Stored dataset items:

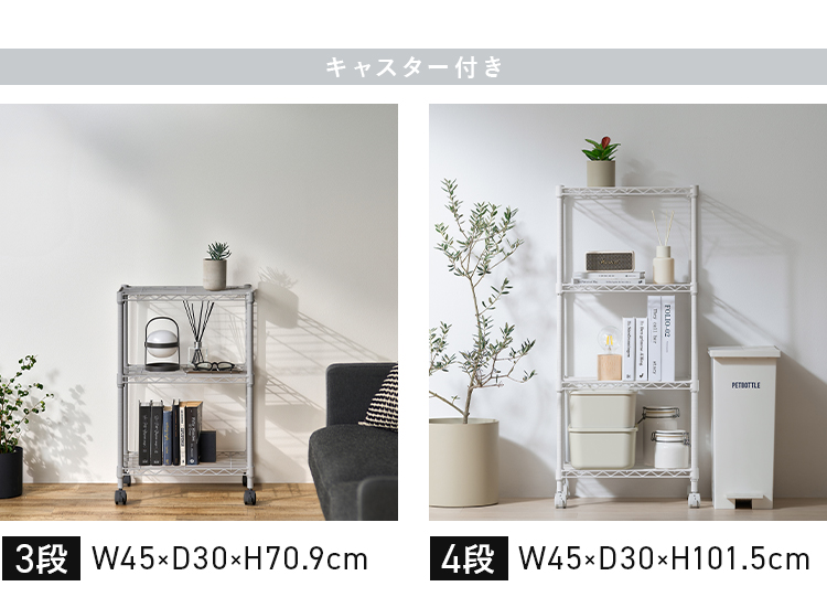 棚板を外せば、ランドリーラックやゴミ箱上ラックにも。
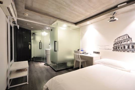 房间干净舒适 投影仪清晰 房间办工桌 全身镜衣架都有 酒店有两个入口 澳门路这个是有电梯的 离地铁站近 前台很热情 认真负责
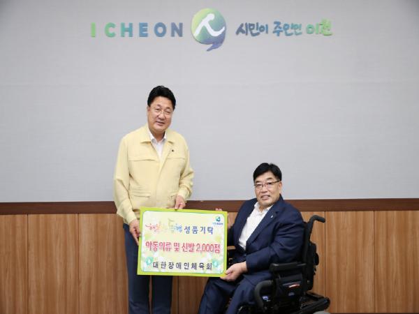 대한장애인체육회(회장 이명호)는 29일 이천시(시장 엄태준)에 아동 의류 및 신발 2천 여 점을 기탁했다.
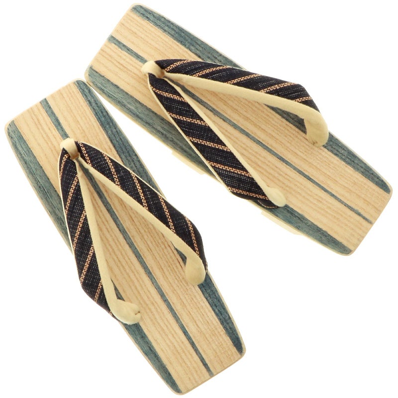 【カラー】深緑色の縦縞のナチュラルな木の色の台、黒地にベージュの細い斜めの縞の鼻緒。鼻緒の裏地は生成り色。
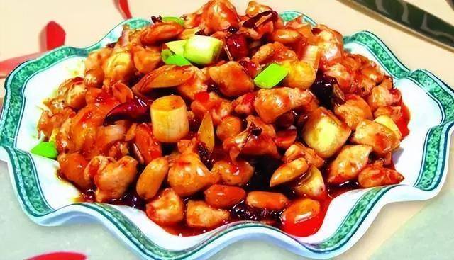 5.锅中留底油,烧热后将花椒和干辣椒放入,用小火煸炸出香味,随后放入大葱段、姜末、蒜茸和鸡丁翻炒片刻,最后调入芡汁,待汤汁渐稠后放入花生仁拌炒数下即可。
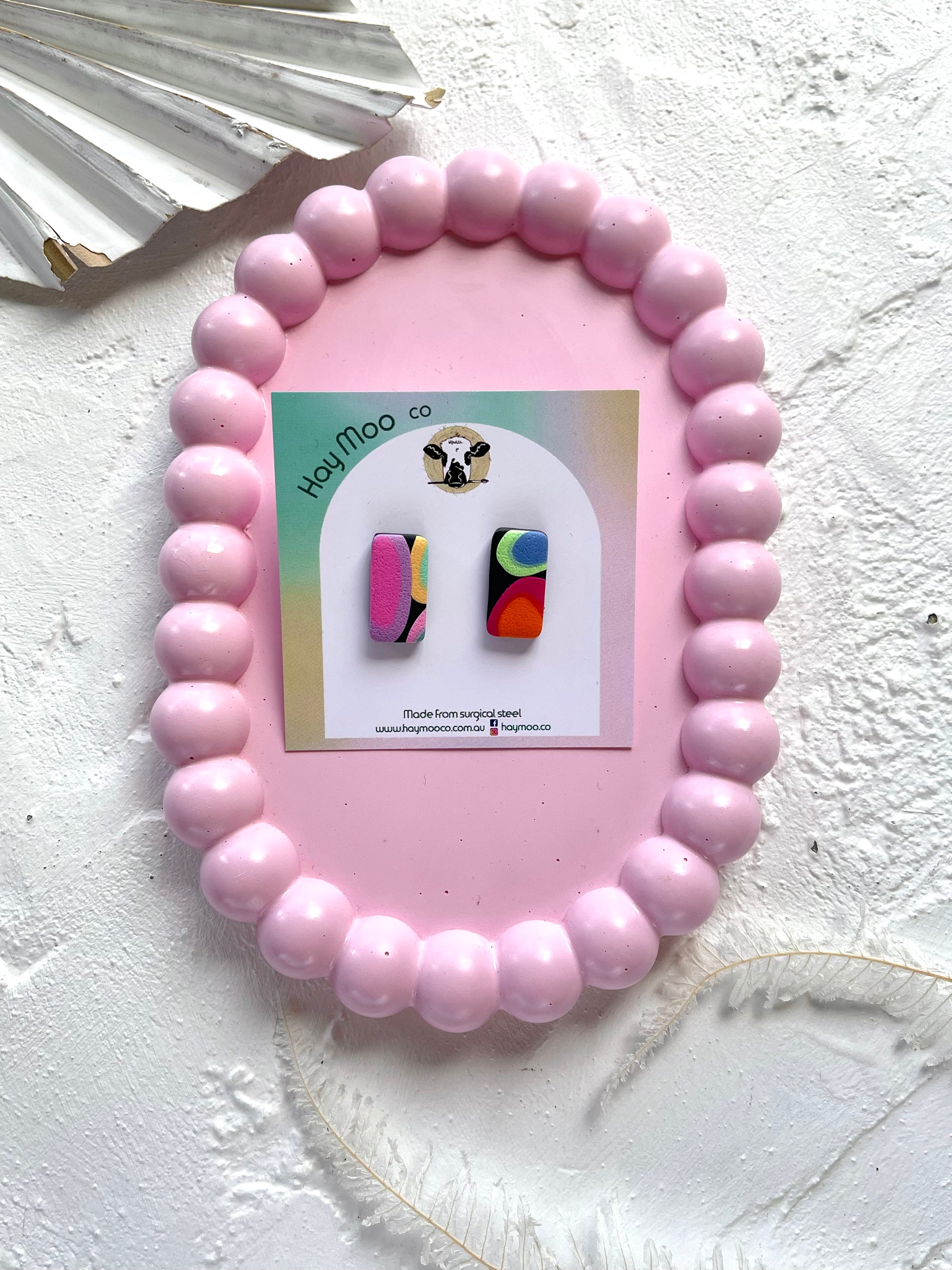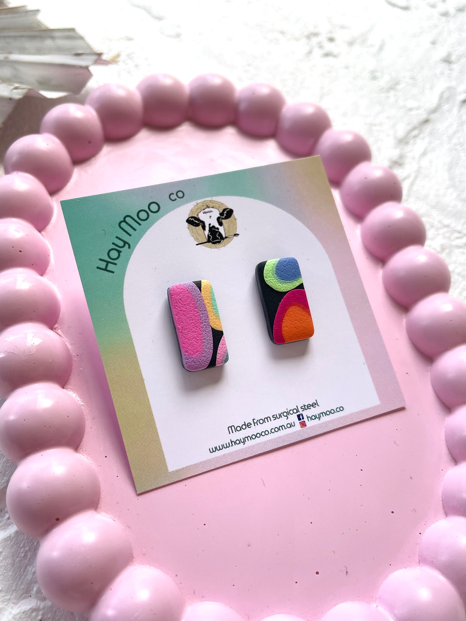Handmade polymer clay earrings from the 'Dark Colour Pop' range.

* [REQUIREMENT] Your output should be the full set of entries above, restated word for word and free of pictures.

* [TASK RESULT]
 棚板を外せば、ランドリーラックやゴミ箱上ラックにも。
 房间干净舒适 投影仪清晰 房间办工桌 全身镜衣架都有 酒店有两个入口 澳门路这个是有电梯的 离地铁站近 前台很热情 认真负责
 대한장애인체육회(회장 이명호)는 29일 이천시(시장 엄태준)에 아동 의류 및 신발 2천 여 점을 기탁했다.
 【カラー】深緑色の縦縞のナチュラルな木の色の台、黒地にベージュの細い斜めの縞の鼻緒。鼻緒の裏地は生成り色。
 5.锅中留底油,烧热后将花椒和干辣椒放入,用小火煸炸出香味,随后放入大葱段、姜末、蒜茸和鸡丁翻炒片刻,最后调入芡汁,待汤汁渐稠后放入花生仁拌炒数下即可。
Handmade polymer clay earrings from the 'Dark Colour Pop' range.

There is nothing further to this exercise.